Peninsula pub sold to property developer - even without planning permission
By Derek Davis
1st Nov 2022 | Local News
Punch Pubs and Co, has today confirmed it no longer owns the Compasses at Holbrook after selling it to property developers.
Despite Punch being names as the site owners on a Babergh planning application, Nub News can reveal, the pub group sold the building and adjoining car park to Lexden Homes (Colchester) Ltd, based in Essex last May, for a figure understood to be around £475,000.
A planning application has subsequently been made by a West Sussex based planning consult and agent, on behalf of a Hampshire-based company, for a change of use to form three residential dwellings, ncluding external staircase, and erection of two chalet bungalows, including parking and hard and soft landscaping.
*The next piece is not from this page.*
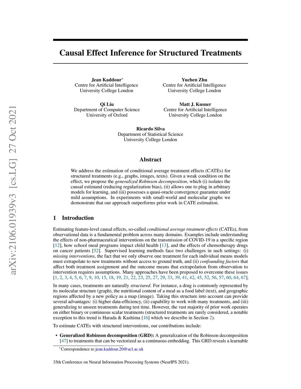 We address the estimation of conditional average treatment effects (CATEs) for structured treatments (e.g., graphs, images, texts). Given a weak condition on the effect, we propose the generalized Robinson decomposition, which (i) isolates the causal estimand (reducing regularization bias), (ii) allows one to plug in arbitrary models for learning, and (iii) possesses a quasi-oracle convergence guarantee under mild assumptions. In experiments with small-world and molecular graphs we demonstrate that our approach outperforms prior work in CATE estimation.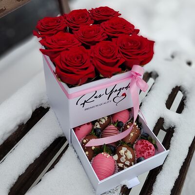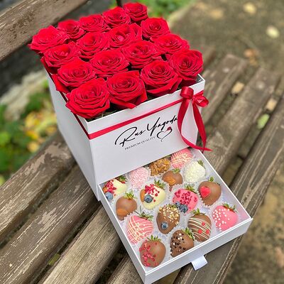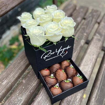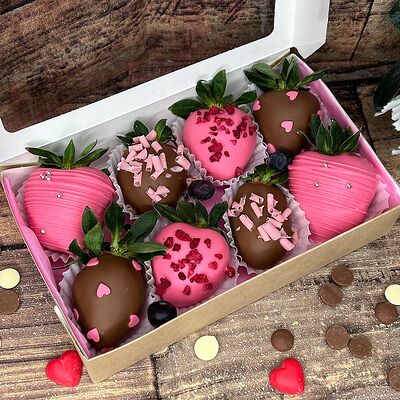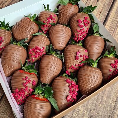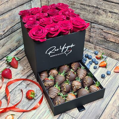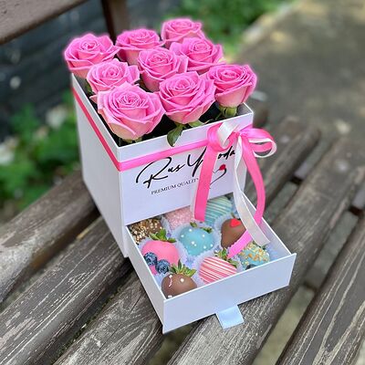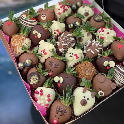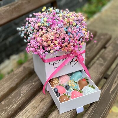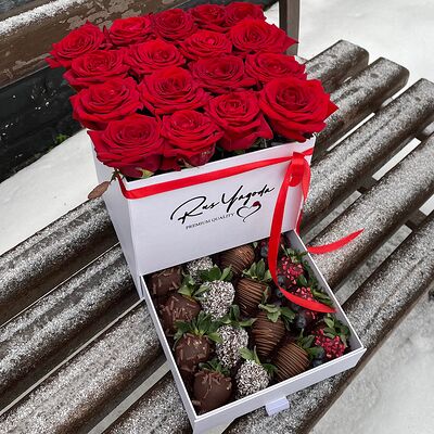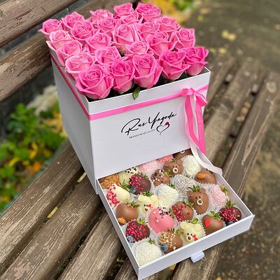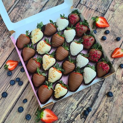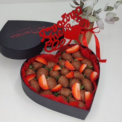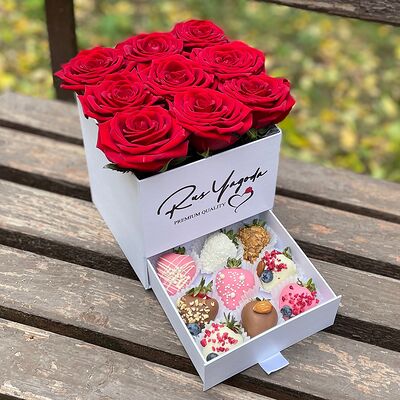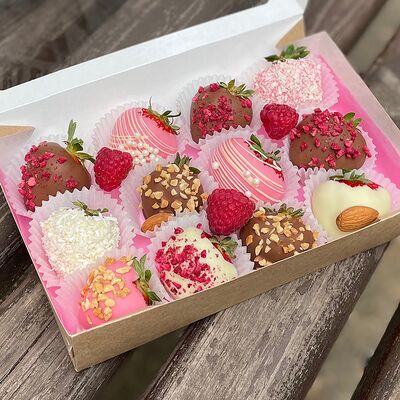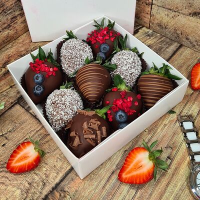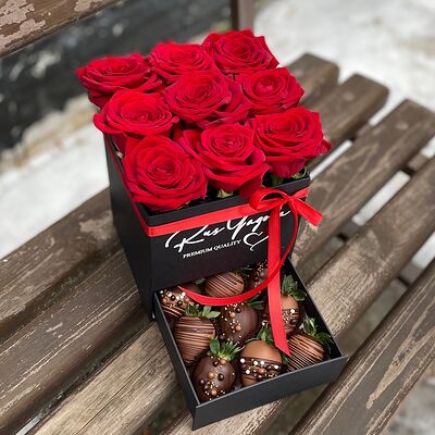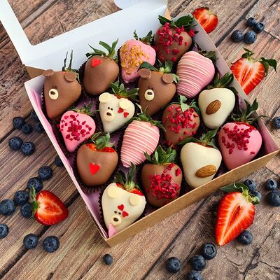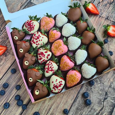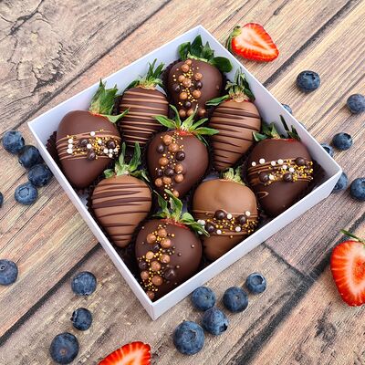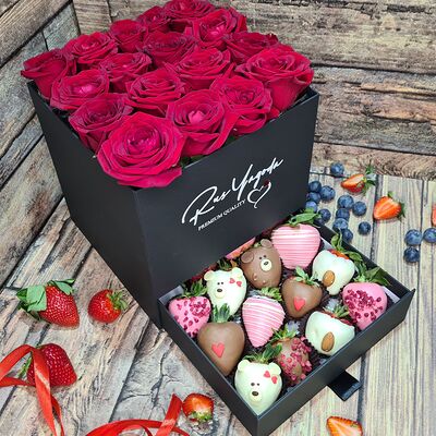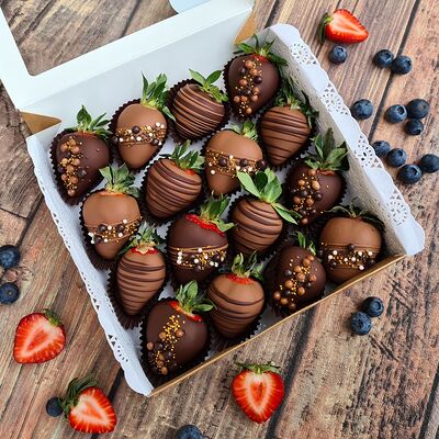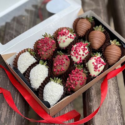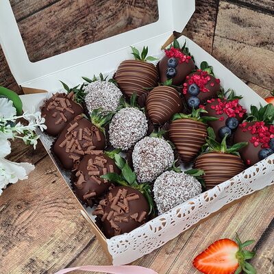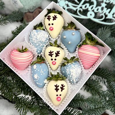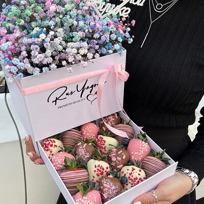 Клубника в бельгийском шоколаде, голубика, малина (30х30 см). Распечатаем текст вашего поздравления на открытке. Композиция будет упакована в прозрачную пленку для защиты при транспортировке

Agent Jake Russell from Bosham planning consultants CPC, made the application on behalf of Portsmouth-registered Cordage Estates Limited,
The new development would see the loss of the pub, beer garden and car park, and would be replaced by a one-bedroom home and four three-bedroom units in total.
An outbuilding would be demolished to provide a private garden to Unit 1,
The agent claims converting the Compasses' building, rather than demolishing it and rebuilding ensures that the non-designated heritage asset is preserved for future generations and ensures that embodied carbon within the fabric of the building is retained in situ, minimising the carbon footprint of the proposed development.
Mr Russell pointed out The Compasses Inn ceased trading in Autumn 2020, is vacant due to the business being unviable and currently sits economically inactive.
The property has been actively marketed since November 2020. The schedule of accommodation for the dwellings is as follows:
He claimed that the Compasses was not a viable business prior to ceasing trading in Autumn 2020 and that it has been marketed for a period 22 months, as well as referencing the superior facilities available to residents at facilities such as the nearby Swan public house.
Mr Russell said: "It is therefore concluded that the reuse of an economically inactive site and building to provide much-needed family housing in a highly sustainable Core Village should be supported by the local planning authority (Babergh) in principle."
It was revealed in the design statement that an offer was at £462,500 made on the proviso that planning permission for the change of use would be obtained to convert the premises to residential use.
Estate agents Savills have confirmed that the offer was from a local developer who confirmed their intended use of the site by email.
According to the applicants, it was also estimated the total capital investment required to enable the business to trade competitively and maintain a commercial sustainable level of trade (excluding any structural work and repairs) would be around £700,000 – meaning that as the property has been valued at £500,000, any pub operator would be looking at a risky capital investment of £1.2m, with no guarantee of a return.
The only users since 2020 appear to be individual brown long-eared bats and common pipistrelle bats that occasionally use the property as a day-time roost.